The never-ending Ashok Gehlot vs Sachin Pilot saga is in the news again. Rajasthan’s perennial rebel leader Pilot is once more on the warpath despite efforts made by the Congress leadership to broker peace between the two warring leaders. While Rahul Gandhi was present during the recent "compromise" talks called by Congress president Mallikarjun Kharge, party leader Priyanka Gandhi Vadra has stayed away from the ongoing battle. It must be remembered that Priyanka had played a key role in placating Mr Pilot when he almost brought down the Gehlot government three years ago. She apparently promised Mr Pilot that he would be suitably accommodated both in the party and the government and advised him to bide his time. But Priyanka Gandhi has taken a back seat this time as she learnt a bitter lesson from her intervention in Punjab affairs when she pushed for Navjot Singh Sidhu’s appointment as Punjab Congress chief. Priyanka Gandhi came in for a lot of flak then for her political choices as this move proved to be disastrous.
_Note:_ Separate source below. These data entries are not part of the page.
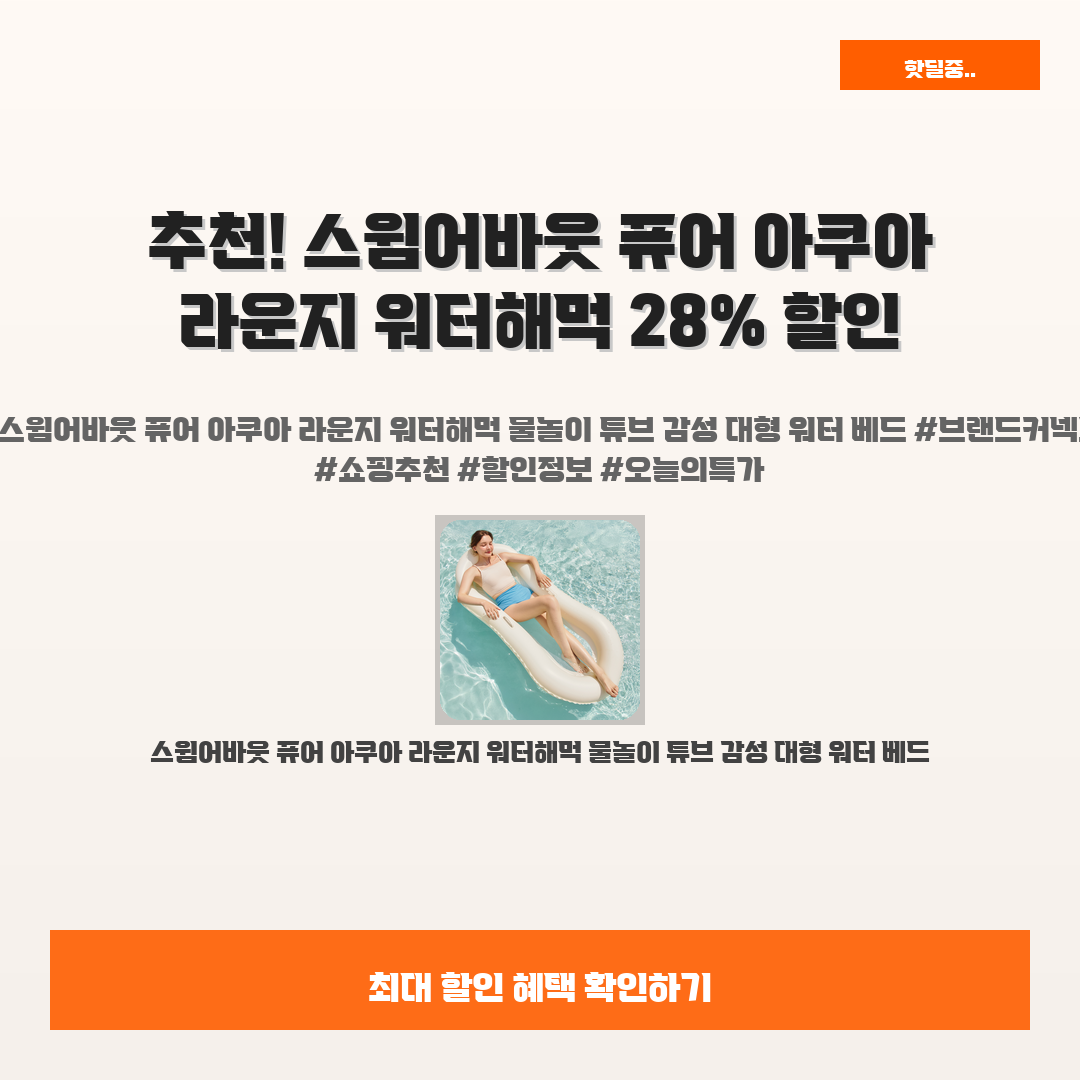 🛍️ 이 포스팅은 네이버 쇼핑 커넥트 활동의 일환으로,판매 발생 시 수수료를 제공받습니다.여름을 제대로 즐길 준비 되셨나요?오늘 소개할 제품은 스윔어바웃 퓨어 아쿠아 라운지 워터해먹, 그야말로 휴가철 물놀이의 필수 아이템이에요!수영장이나 해변에서 시원한 물속에 떠다니며 완벽한 Relax를 원한다면, 단연코 이 대형 워터 베드가 정답이에요."여름이지만 시원한 곳이 없을까?"라는 고민을 해결해줄 네임드 브랜드 스윔어바웃의 제품으로 물놀이의 진수를 느껴보세요!그리고 지금 할인도 진행 중이니, 가성비까지※ 이거 진짜 제가 직접 써보고 쓰는 리뷰예요 광고 아님!!스윔어바웃 퓨어 아쿠아 라운지 워터해먹 물놀이 튜브 감성 대형 워터 베드28% 34,900원24,900원스윔어바웃 지금 구매하기 → ⭐ 스윔어바웃 퓨어..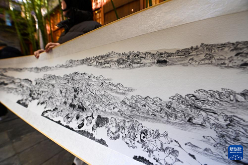 這是12月29日在天津古文化街“喜迎馬年,五代畫馬人馬畫藝術(shù)展”上拍攝的畫家宮春虎的作品《萬(wàn)馬圖》(局部)。(新華社記者 趙子碩 攝)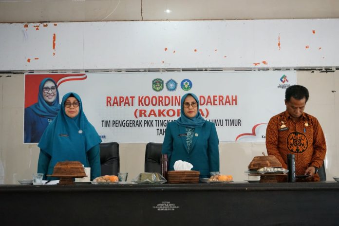 Staf Ahli TP PKK, Haeril Al-Fajri, dan perwakilan TP PKK se-Kabupaten Luwu Timur sebagai peserta Rakorda tahun 2023.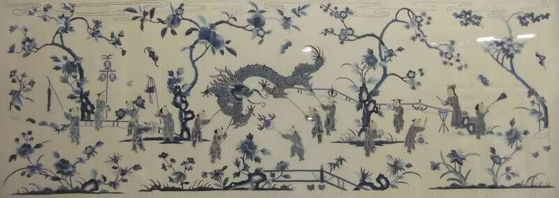 Embroidered in varying shades of blue with dragons, peaches, and figures in a garden landscape, framed.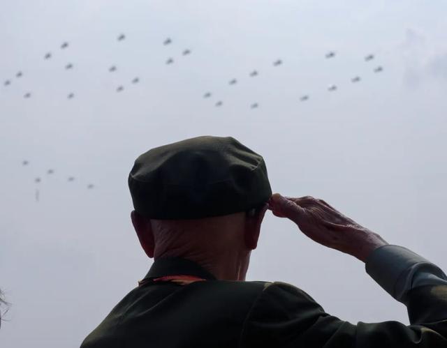 这是抗战老战士在天安门城楼上敬礼。新华社记者 才扬 摄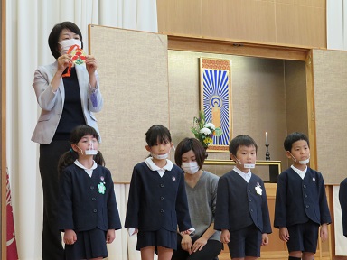 年少さんは5名。かけてもらったペンダントを見ている姿がかわいらしいですね。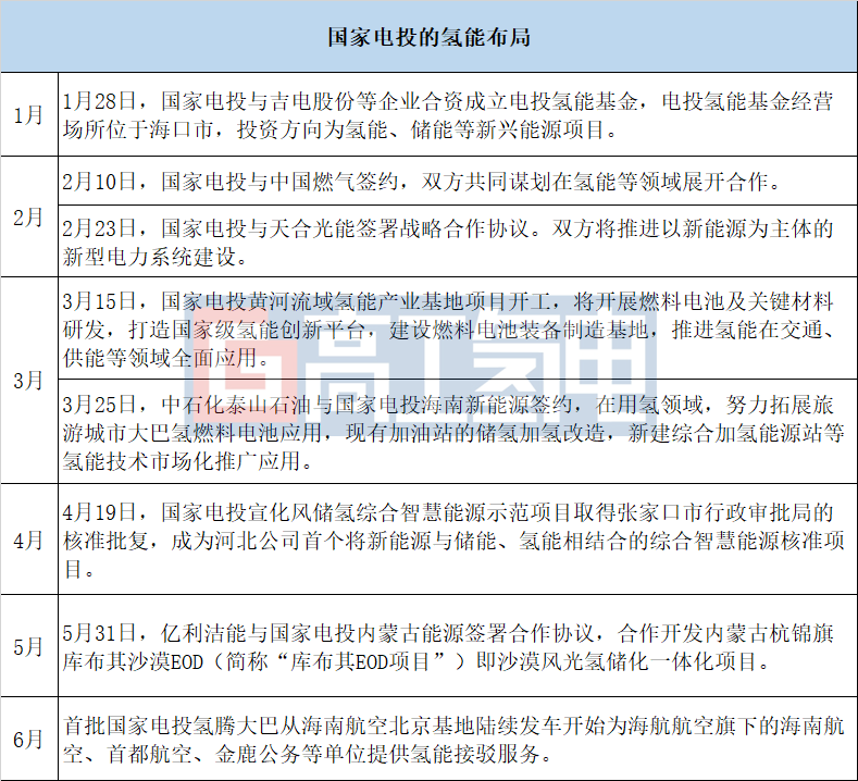 國家電投是我國五大發(fā)電集團之一,是全國唯一同時擁有水電、火電、核電、新能源資產(chǎn)的綜合能源企業(yè)集團,也是最早發(fā)力氫能產(chǎn)業(yè)的央企之一,已經(jīng)成為推動中國氫能與燃料電池產(chǎn)業(yè)化的重要力量。今年上半年布局事件如下: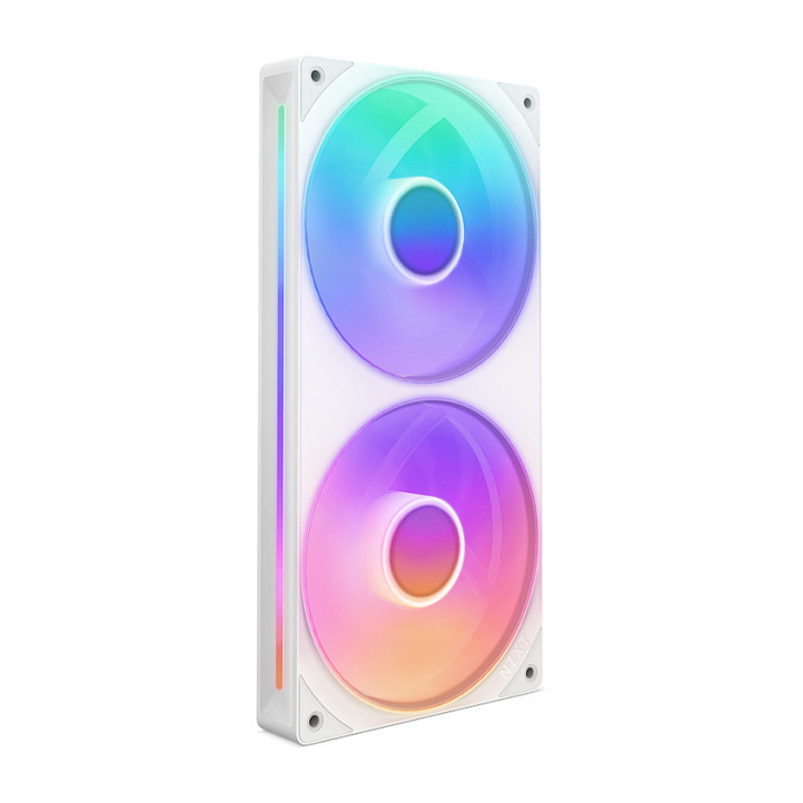 "NZXT RF-U24HF-W1. Type: Fan, Rotational speed (min): 500 RPM, Rotational speed (max): 2400 RPM, Maximum air pressure: 3.3 mmH2O, Bearing type: Fluid Dynamic Bearing (FDB). Width: 120 mm, Depth: 26 mm, Height: 240 mm. Product colour: White"\n"NZXT F Series RGB Core single-frame fans seamlessly integrate multiple fans for effortless installation while offering superior cooling, whisper-quiet performance, and striking RGB visuals.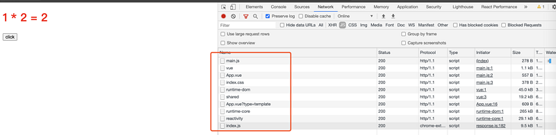 从上图可以看到,已经不再有一个构建好的 bundle、chunk 之类的文件,而是直接加载本地对应的文件。

As the countdown to the 2024 Lok Sabha has begun, BJP president J.P. Nadda and Union home minister Amit Shah have set themselves the task of reaching out to their old allies and finding new partners. At one stage, the BJP-led National Democratic Alliance had over two dozen partners but, over the years, it has shrunk as an all-powerful and numerically-strong BJP did not feel the need to accommodate its partners. Now that the Opposition parties are getting together, the BJP realises it will need the support of allies. From all accounts, it appears Telugu Desam Party chief N. Chandrababu Naidu is eager to revive his old ties with the BJP. There is also talk about tying up with the Shiromani Akali Dal, which had walked out of the NDA over its opposition to the three farm bills. Meanwhile, the Janata Dal (S) has hinted it has no problem in aligning with the BJP. Other smaller regional players will also be approached by the BJP in the coming days.
The bitter rivalry between Congress leaders Ajay Maken and Sandeep Dikshit is no secret. The tension between the two was rooted in Mr Maken’s serious differences with Sandeep Dikshit’s mother, the late Delhi chief minister Sheila Dikshit. However, lately, Congress insiders observed that the two leaders have called a truce. Mr Maken and Mr Dikshit are said to have joined hands following internal discussions about the appointment of a new Delhi Congress president. Kanhaiya Kumar, who was earlier in the running for the presidency of the Youth Congress, is among those in contention. Leaders pushing for Mr Kumar argue that the former student leader’s oratorical skills can be used effectively to reach out to the large Purbaiya population as well as the youth in Delhi. However, this move has met with strong resistance from a section of Delhi Congress leaders, including Mr Maken and Mr Dikshit. That explains why the two have decided to put aside their differences and put up a joint fight for a leader of their choice.